# Anyway to root Official .596?



## aford89 (Jun 17, 2011)

I had to get a replacement phone and it came with the stock .596 now i've been reading a lot in the cm7 thread and everyone keeps talking about the TBH app having a all-in-one installer, can i use this or do i need to go back to froyo to get root back?


----------



## aford89 (Jun 17, 2011)

Sorry just realized this is probably the wrong section for this


----------



## Owen2090 (Jun 13, 2011)

Gingerbreak works.


----------



## bouchigo (Jun 9, 2011)

Owen2090 said:


> Gingerbreak works.


Gingerbreak doesn't work.

You have to sbf back to 2.3.340, then do the two part TBH update to rooted GB.


----------



## loooney2ns (Jun 13, 2011)

bouchigo said:


> Gingerbreak doesn't work.
> 
> You have to sbf back to 2.3.340, then do the two part TBH update to rooted GB.


Not very hard to do.
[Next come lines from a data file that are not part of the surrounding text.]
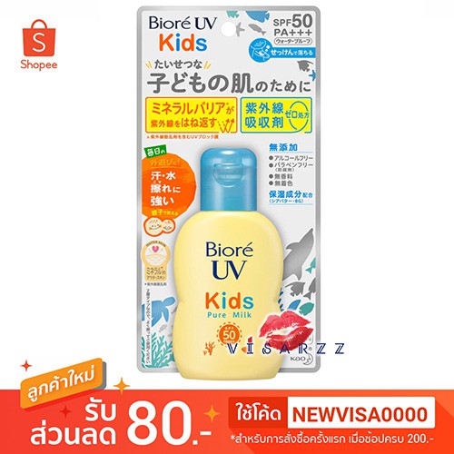 Biore UV Kids Pure Milk SPF50+ PA+++ 70mL กันแดดน้ำนมสูตรสำหรับเด็ก เป็นเจลสูตรน้ำนมอ่อน
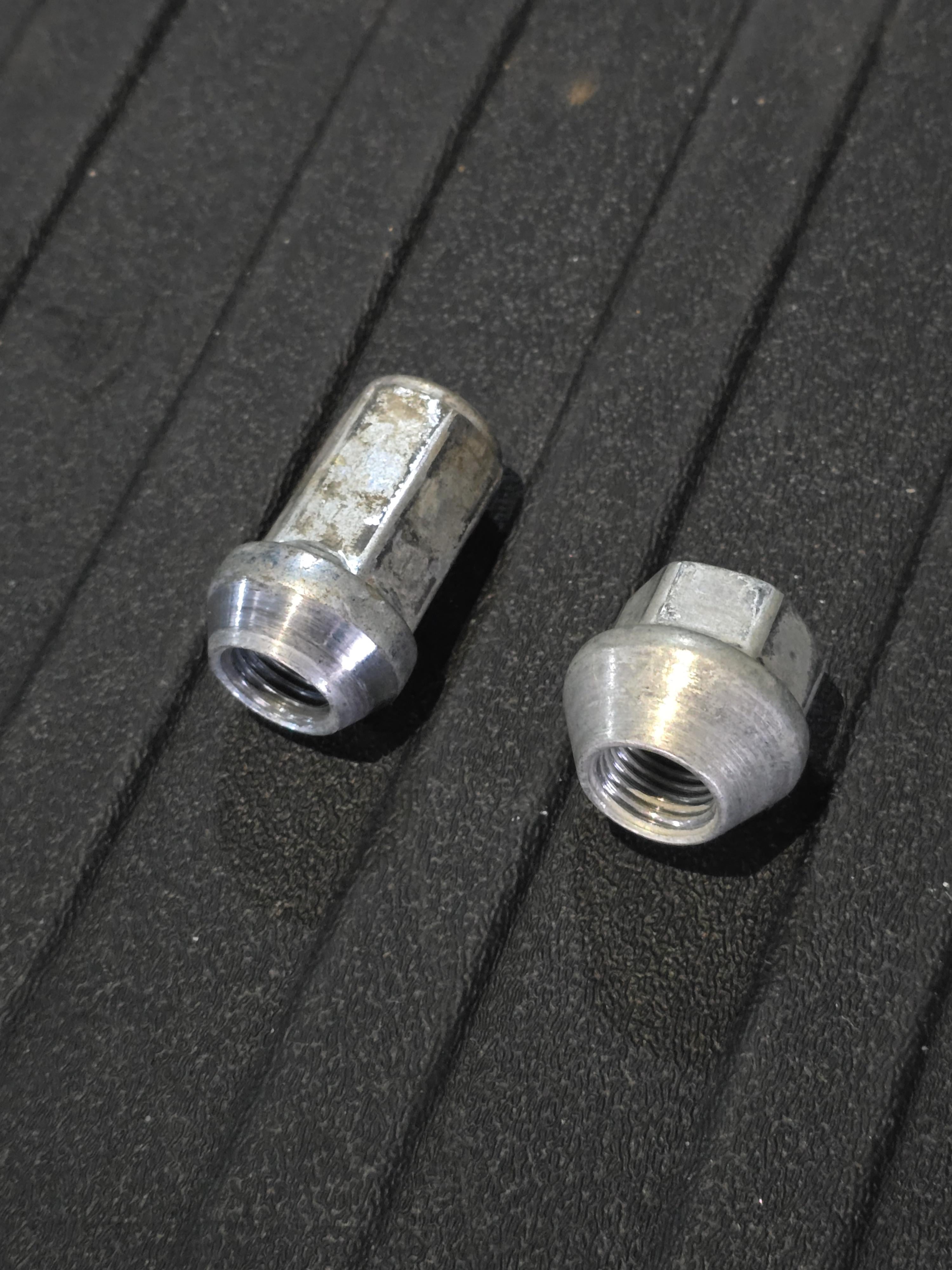 Hi, I bought a TMY 22 and the wheels have these nuts (the left one in the photo). But I found a second set of nuts in the trunk, which ones are the correct ones?
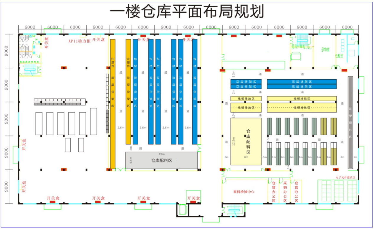 面对这种情况,为了更好地利用空间,对包材区域进行货架设计,使纸箱上货架;对配件货架区域进行重新调整,货架长度、高度全部调整为一种系列规格;为了使物流路线更加畅通,仓库的大门需要重新布置位置,原来是没有备料区的,现在在仓库的门口位置设置备料区,放置1~2天的订单备料物料。

It should take less than half an hour to do the whole thing. When I did it, I was rooted already. The update worked like a charm. Don't forget that you have to use the Droid 2 Bootstrapper with Gingerbread, instead of the one for the Droid X.


----------



## aford89 (Jun 17, 2011)

That's what I figured just wanted to check that way if it wasn't needed I could do it here from the phone


----------